## Exercise goal
In the listing that follows, the range to quote begins at the line that has "귤피차는 만드는 방법이" and ends after the line that has "I started working"; quote it verbatim and add nothing.

## Source records
==================================================

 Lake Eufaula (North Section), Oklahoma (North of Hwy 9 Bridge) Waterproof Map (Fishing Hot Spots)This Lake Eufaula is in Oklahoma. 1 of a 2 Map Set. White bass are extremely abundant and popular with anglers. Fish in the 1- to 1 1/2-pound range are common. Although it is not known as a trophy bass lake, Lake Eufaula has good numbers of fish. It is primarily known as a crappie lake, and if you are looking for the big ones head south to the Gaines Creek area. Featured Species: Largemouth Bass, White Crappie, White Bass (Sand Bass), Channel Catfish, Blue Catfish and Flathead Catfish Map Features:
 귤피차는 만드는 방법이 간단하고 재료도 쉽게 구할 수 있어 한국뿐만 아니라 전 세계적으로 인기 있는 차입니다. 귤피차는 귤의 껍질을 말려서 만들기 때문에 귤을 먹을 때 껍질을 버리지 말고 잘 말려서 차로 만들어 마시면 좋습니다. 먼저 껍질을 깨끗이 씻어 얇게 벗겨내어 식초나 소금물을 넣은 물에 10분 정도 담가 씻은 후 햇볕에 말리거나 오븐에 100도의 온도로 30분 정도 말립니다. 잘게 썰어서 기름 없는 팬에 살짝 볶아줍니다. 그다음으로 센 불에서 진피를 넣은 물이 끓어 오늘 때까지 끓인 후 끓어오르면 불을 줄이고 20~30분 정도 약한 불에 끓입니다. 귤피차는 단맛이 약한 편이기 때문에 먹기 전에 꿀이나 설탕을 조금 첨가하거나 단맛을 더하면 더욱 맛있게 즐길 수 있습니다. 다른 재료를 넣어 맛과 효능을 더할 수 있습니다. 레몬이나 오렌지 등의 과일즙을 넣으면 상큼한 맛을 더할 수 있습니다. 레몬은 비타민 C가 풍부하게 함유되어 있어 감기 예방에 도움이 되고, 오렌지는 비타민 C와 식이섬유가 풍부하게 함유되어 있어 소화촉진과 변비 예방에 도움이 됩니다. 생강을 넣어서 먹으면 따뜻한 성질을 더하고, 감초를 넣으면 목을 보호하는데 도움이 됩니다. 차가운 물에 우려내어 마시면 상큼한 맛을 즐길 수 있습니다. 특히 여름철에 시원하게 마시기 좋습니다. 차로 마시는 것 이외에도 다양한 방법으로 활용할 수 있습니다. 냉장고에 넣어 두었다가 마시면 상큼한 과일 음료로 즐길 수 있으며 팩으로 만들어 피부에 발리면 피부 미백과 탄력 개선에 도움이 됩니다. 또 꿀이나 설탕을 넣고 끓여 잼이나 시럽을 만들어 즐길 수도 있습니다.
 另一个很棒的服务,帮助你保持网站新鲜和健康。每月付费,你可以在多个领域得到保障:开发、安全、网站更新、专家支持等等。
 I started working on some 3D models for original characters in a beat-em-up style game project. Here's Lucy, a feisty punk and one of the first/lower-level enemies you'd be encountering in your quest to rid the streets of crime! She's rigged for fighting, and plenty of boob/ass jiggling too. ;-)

==================================================

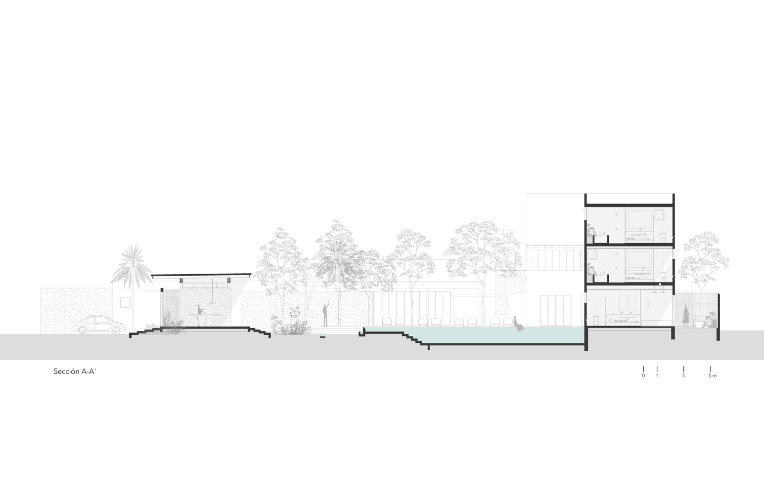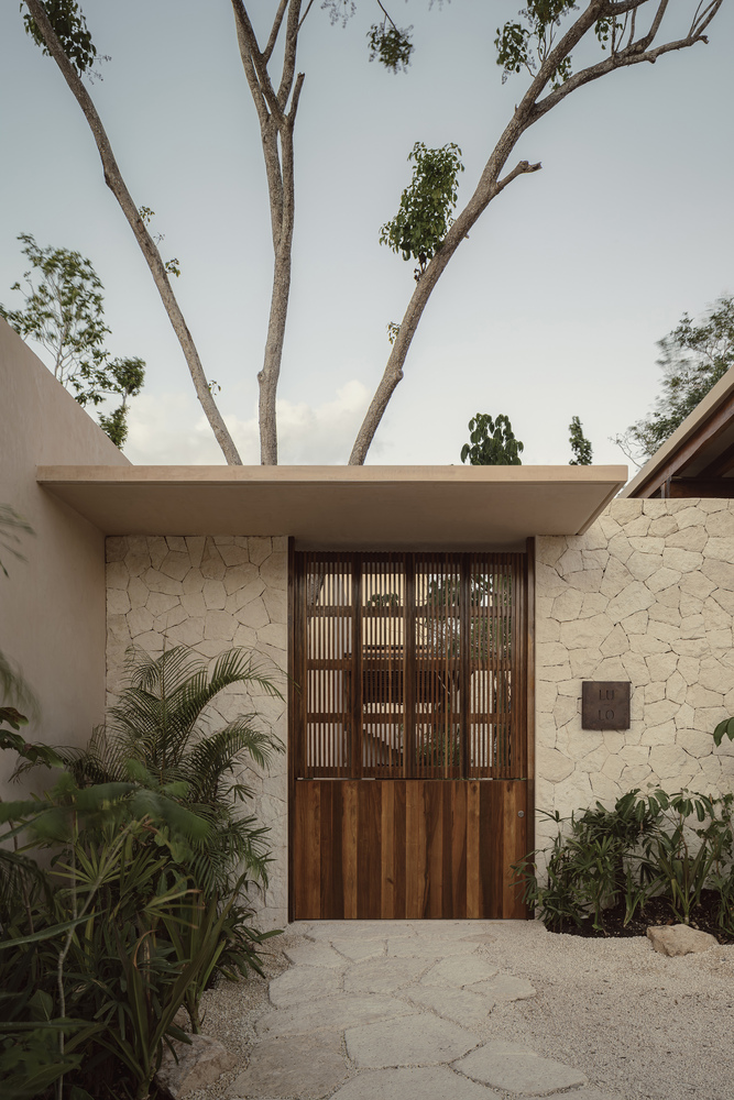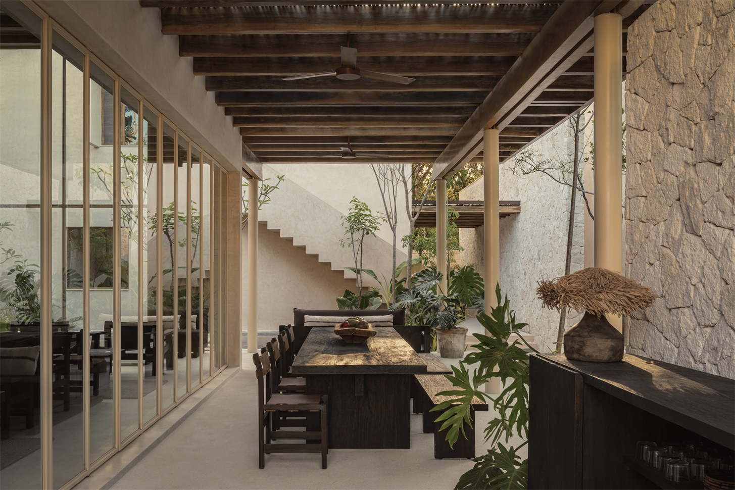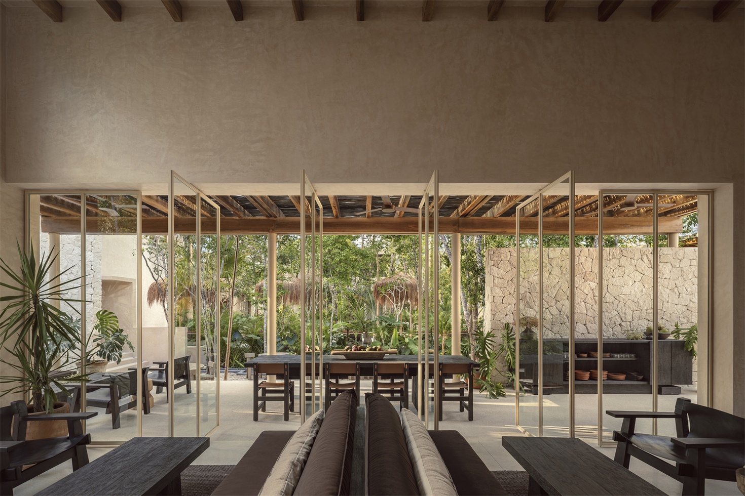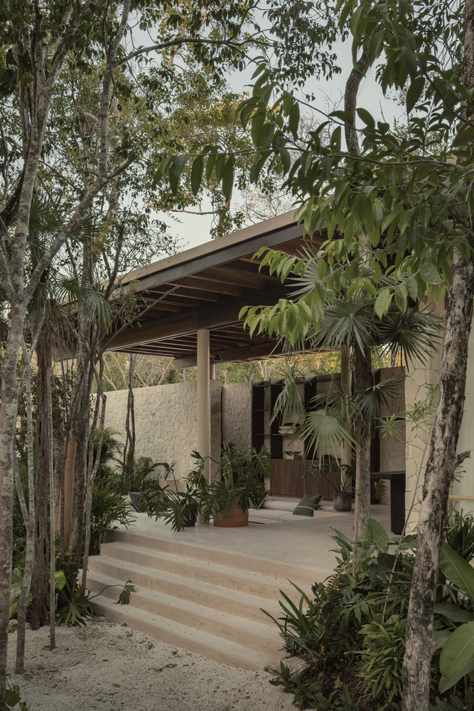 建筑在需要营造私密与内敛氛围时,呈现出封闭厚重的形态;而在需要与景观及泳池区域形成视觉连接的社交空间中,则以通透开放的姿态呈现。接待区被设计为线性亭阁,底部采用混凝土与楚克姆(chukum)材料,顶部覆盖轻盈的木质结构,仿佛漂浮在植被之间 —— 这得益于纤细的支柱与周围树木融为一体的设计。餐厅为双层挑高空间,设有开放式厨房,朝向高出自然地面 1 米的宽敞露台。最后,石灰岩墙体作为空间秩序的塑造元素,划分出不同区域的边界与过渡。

==================================================

## Answer to this exercise
 귤피차는 만드는 방법이 간단하고 재료도 쉽게 구할 수 있어 한국뿐만 아니라 전 세계적으로 인기 있는 차입니다. 귤피차는 귤의 껍질을 말려서 만들기 때문에 귤을 먹을 때 껍질을 버리지 말고 잘 말려서 차로 만들어 마시면 좋습니다. 먼저 껍질을 깨끗이 씻어 얇게 벗겨내어 식초나 소금물을 넣은 물에 10분 정도 담가 씻은 후 햇볕에 말리거나 오븐에 100도의 온도로 30분 정도 말립니다. 잘게 썰어서 기름 없는 팬에 살짝 볶아줍니다. 그다음으로 센 불에서 진피를 넣은 물이 끓어 오늘 때까지 끓인 후 끓어오르면 불을 줄이고 20~30분 정도 약한 불에 끓입니다. 귤피차는 단맛이 약한 편이기 때문에 먹기 전에 꿀이나 설탕을 조금 첨가하거나 단맛을 더하면 더욱 맛있게 즐길 수 있습니다. 다른 재료를 넣어 맛과 효능을 더할 수 있습니다. 레몬이나 오렌지 등의 과일즙을 넣으면 상큼한 맛을 더할 수 있습니다. 레몬은 비타민 C가 풍부하게 함유되어 있어 감기 예방에 도움이 되고, 오렌지는 비타민 C와 식이섬유가 풍부하게 함유되어 있어 소화촉진과 변비 예방에 도움이 됩니다. 생강을 넣어서 먹으면 따뜻한 성질을 더하고, 감초를 넣으면 목을 보호하는데 도움이 됩니다. 차가운 물에 우려내어 마시면 상큼한 맛을 즐길 수 있습니다. 특히 여름철에 시원하게 마시기 좋습니다. 차로 마시는 것 이외에도 다양한 방법으로 활용할 수 있습니다. 냉장고에 넣어 두었다가 마시면 상큼한 과일 음료로 즐길 수 있으며 팩으로 만들어 피부에 발리면 피부 미백과 탄력 개선에 도움이 됩니다. 또 꿀이나 설탕을 넣고 끓여 잼이나 시럽을 만들어 즐길 수도 있습니다.
 另一个很棒的服务,帮助你保持网站新鲜和健康。每月付费,你可以在多个领域得到保障:开发、安全、网站更新、专家支持等等。
 I started working on some 3D models for original characters in a beat-em-up style game project. Here's Lucy, a feisty punk and one of the first/lower-level enemies you'd be encountering in your quest to rid the streets of crime! She's rigged for fighting, and plenty of boob/ass jiggling too. ;-)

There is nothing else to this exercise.